Re: [Vala] Memory safety
- From: Florian Weimer <fweimer redhat com>
- To: Al Thomas <astavale yahoo co uk>, "vala-list gnome org" <vala-list gnome org>
- Subject: Re: [Vala] Memory safety
- Date: Thu, 15 May 2014 16:03:53 +0200
On 05/15/2014 03:52 PM, Al Thomas wrote:
Is there a bug report for this with more details?
Not yet, it's not clear if you'd consider it a bug.
I would say in general Vala/Genie attempts to be safer than C, within
the limits of a language that compiles to C code.
Vala strings are UTF8 encoded gchar, but the length and indices are in
bytes. See https://wiki.gnome.org/Projects/Vala/StringSample
A program such as:
void main () {
string a = "hello";
char b = a[100];
print ( b.to_string() );
print ( ((int) b).to_string());
}
will compile and the C code generated uses the line
_tmp1_ = string_get (a, (glong) 100);
to get the index. I'm not sure where string_get function comes from, but
the output is a zero byte for an out of range index.

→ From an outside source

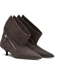 Ankle-high suede boots. · Pointed toe · Zip detailing at outer side · Zip closure at heel · Buffed leather lining · Covered kitten heel with rubber injection · Leather sole · Heel: H1.5" Supplier color: Deep walnut Upper: leather. Sole: leather, rubber. Made in Italy 252477F122001

It seems it comes from glib-2.0.vapi. The compiled C code looks like this:
static gchar string_get (const gchar* self, glong index) {
gchar result = '\0';
glong _tmp0_;
gchar _tmp1_;
g_return_val_if_fail (self != NULL, '\0');
_tmp0_ = index;
_tmp1_ = ((gchar*) self)[_tmp0_];
result = _tmp1_;
return result;
}
So there isn't any range checking. It's actually somewhat
understandable, considering that range checking for NUL-terminated
strings can move code to a different complexity class.
The function I had encountered initially, string.substring, does not
implement full range checking, either.
The GLib string builder function (
http://references.valadoc.org/#!api=glib-2.0/GLib.StringBuilder ) is
also recommended for use in Vala.
StringBuilder doesn't do any arithmetic, so it inherits the safety
properties of the underlying C implementation.